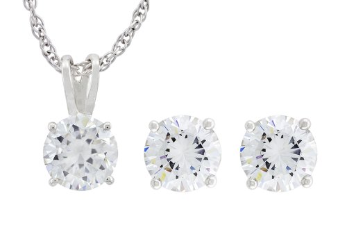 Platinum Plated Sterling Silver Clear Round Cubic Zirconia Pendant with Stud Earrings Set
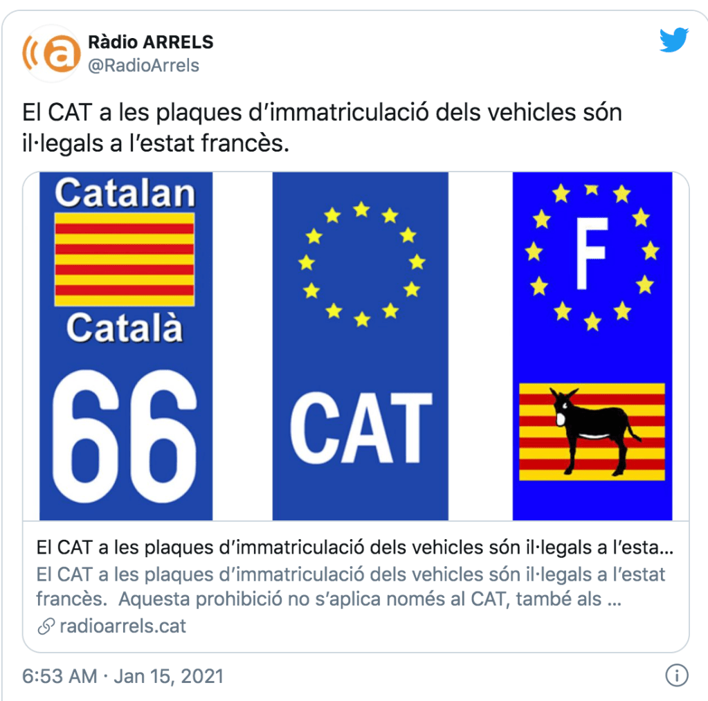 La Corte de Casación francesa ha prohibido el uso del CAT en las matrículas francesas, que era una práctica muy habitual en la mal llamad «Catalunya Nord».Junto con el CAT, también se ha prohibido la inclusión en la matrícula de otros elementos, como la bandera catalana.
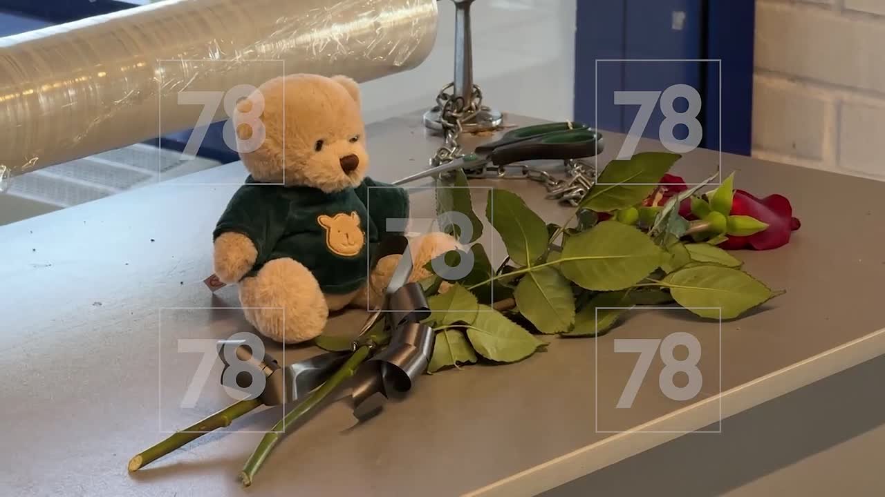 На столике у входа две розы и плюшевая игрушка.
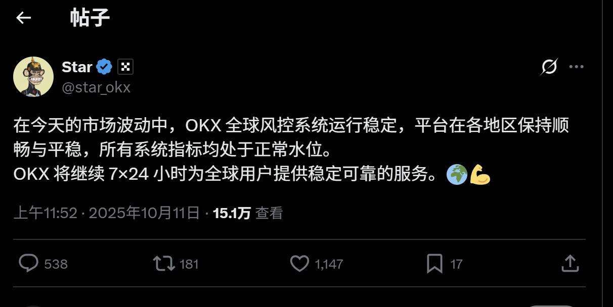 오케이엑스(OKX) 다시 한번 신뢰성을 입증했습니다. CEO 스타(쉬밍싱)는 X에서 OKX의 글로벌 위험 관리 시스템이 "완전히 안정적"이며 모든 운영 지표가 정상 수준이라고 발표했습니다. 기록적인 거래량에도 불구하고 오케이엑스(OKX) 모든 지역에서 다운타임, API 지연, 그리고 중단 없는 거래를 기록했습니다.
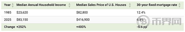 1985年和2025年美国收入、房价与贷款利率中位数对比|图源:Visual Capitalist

☆ ☆ ☆

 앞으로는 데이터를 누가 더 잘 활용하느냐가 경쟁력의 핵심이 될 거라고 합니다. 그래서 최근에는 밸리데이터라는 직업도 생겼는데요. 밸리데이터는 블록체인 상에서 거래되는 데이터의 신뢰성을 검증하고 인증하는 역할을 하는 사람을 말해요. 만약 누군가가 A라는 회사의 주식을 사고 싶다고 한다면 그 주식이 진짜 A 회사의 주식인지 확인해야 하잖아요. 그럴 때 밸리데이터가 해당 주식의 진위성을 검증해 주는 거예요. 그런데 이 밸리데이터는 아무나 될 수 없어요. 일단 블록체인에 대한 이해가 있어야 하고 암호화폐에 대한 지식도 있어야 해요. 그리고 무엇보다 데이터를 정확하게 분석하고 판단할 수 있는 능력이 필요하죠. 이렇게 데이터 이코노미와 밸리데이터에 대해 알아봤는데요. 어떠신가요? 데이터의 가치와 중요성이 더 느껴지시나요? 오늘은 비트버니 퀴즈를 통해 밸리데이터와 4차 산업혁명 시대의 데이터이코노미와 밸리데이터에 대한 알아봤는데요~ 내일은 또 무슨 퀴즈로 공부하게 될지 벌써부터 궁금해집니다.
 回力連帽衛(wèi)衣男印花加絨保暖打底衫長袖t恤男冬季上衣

☆ ☆ ☆

§ Assigned task
Your reply is to repeat, unchanged, the lines above running from the one with "앞으로는 데이터를 누가" up to and including the one with "回力連帽衛(wèi)衣男印花加絨保暖打底衫長袖t恤男冬季上衣".

§ Output
 앞으로는 데이터를 누가 더 잘 활용하느냐가 경쟁력의 핵심이 될 거라고 합니다. 그래서 최근에는 밸리데이터라는 직업도 생겼는데요. 밸리데이터는 블록체인 상에서 거래되는 데이터의 신뢰성을 검증하고 인증하는 역할을 하는 사람을 말해요. 만약 누군가가 A라는 회사의 주식을 사고 싶다고 한다면 그 주식이 진짜 A 회사의 주식인지 확인해야 하잖아요. 그럴 때 밸리데이터가 해당 주식의 진위성을 검증해 주는 거예요. 그런데 이 밸리데이터는 아무나 될 수 없어요. 일단 블록체인에 대한 이해가 있어야 하고 암호화폐에 대한 지식도 있어야 해요. 그리고 무엇보다 데이터를 정확하게 분석하고 판단할 수 있는 능력이 필요하죠. 이렇게 데이터 이코노미와 밸리데이터에 대해 알아봤는데요. 어떠신가요? 데이터의 가치와 중요성이 더 느껴지시나요? 오늘은 비트버니 퀴즈를 통해 밸리데이터와 4차 산업혁명 시대의 데이터이코노미와 밸리데이터에 대한 알아봤는데요~ 내일은 또 무슨 퀴즈로 공부하게 될지 벌써부터 궁금해집니다.
 回力連帽衛(wèi)衣男印花加絨保暖打底衫長袖t恤男冬季上衣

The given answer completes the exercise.